В храме бон ничего не изменилось. Запах сандала и можжевельника заполнял до отказа легкие, тусклый свет кутал углы и без того маленькой комнаты в сумрак, старик шаман с барабаном сидел почти в центре, а неподвижная старуха за его спиной — у стены, и прямо над ее седой головой была аккуратно выведена свастика.
Линг поздоровалась и протянула два браслета старику. Он молча взял их и указал ей на место перед собой — туда, где вчера сидел в трансе Соул. Девушка неуверенно оглянулась на партнера и по его выражению лица поняла, что он недоволен. Шаман тем временем повторил просьбу уже словом-приказом, и повелительница повиновалась, опустившись на колени.
Она взволнованно наблюдала за таинством перед собой. Старик достал откуда-то из кармана обычную зажигалку, кинул амулеты на поднос и поджег их под неразборчивое напевное бормотание. Браслеты горели плохо, от тлеющих ниток потянуло едким дымом, а глаза защипало. Линг смахнула с глаз навернувшиеся слезы и только сейчас заметила, что старуха неотрывно смотрит на нее, и рот бабки кривится от довольной беззубой улыбки.
— Такая славная молодая девушка, — закачала головой старуха. — Вижу в тебе часть нашего народа. Кто? Отец или мать?
— Мама, — робко ответила Линг. Взгляд и улыбка старухи ее пугали. Хотелось вскочить и убежать. — Мама тибетка, а папа китаец.
— Я и тебе могу помочь, дочь Тибета, — выцветшие глаза старухи заглядывали в самую душу, а шепелявый голос сковывал тело.

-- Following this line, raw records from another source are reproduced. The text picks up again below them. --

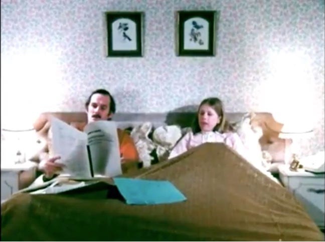 (Intro: John Cleese, in bed with his wife, complaining about meetings. In his papers, his wife has found a court summons for speeding and reminded Cleese to be on time for a family commitment on the same day.)
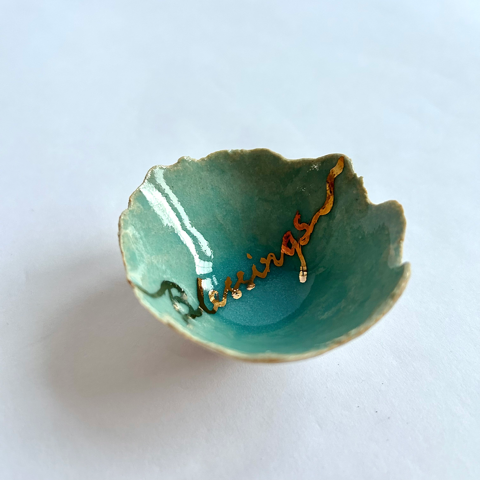 Every vessel I make is intended to draw your gaze to the interior. Here you will see the bright refreshing tones of clean, renewing water – an echo of the cleansing and washing that Jesus brings into a person’s life by His sacrifice for us.
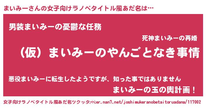 | 男性向けラノベタイトル風あだ名 | 『まいみーの憂鬱』 |

— Но на мне нет проклятия, — сглотнула ком в горле Линг.
— Я могу помочь с ним.
Линг без имени поняла, что тибетка имеет в виду Соула, который нетерпеливо заерзал за спиной своей повелительницы.
— Мне не нужна помощь, — выдавила она и снова смахнула слезы от едкого дыма: амулеты дымились, старик бормотал, старуха смотрела в душу.

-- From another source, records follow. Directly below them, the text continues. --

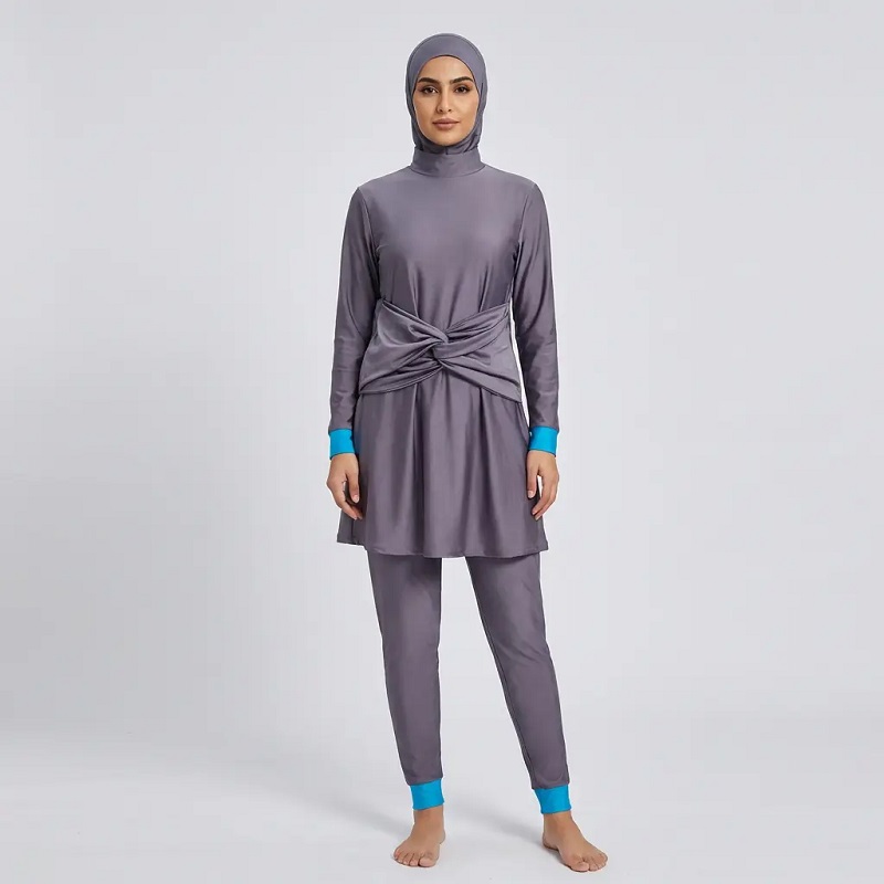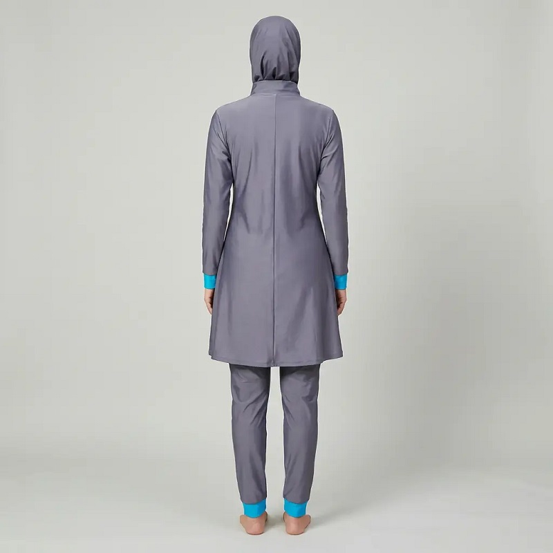 - Main grey tone with bright blue cuffs/ankles Muslim Burkini, stylish and eye-catching, adding sporty vitality while breaking monotony.
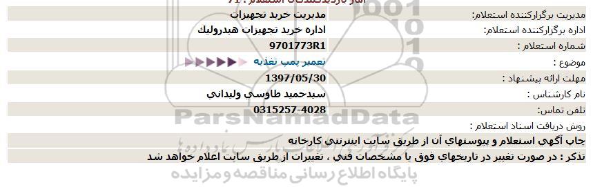اداره برگزارکننده استعلام: اداره خرید تجهیزات هیدرولیک
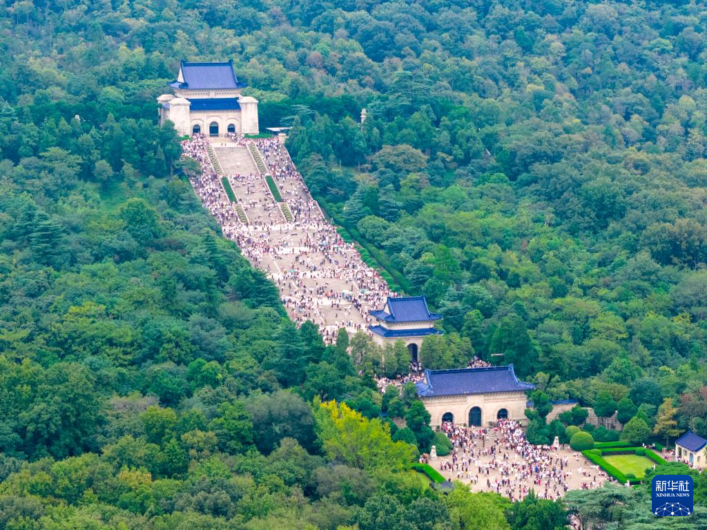 10月4日,游客在南京中山陵景区参观游览(无人机照片)。

— Нужна. Вижу, чего он хочет. Он хочет огня. Ту искру от костра, что сейчас кружится в закатном солнце. А ты — вода, холодный горный ручей, который необходим, только чтобы забыть об огне.
От таких слов стало страшно и обидно одновременно. Страшно, потому что старуха знала то, что не могла знать. Обидно, потому что Линг снова вспомнила взгляд Соула, когда он наблюдал за Макой.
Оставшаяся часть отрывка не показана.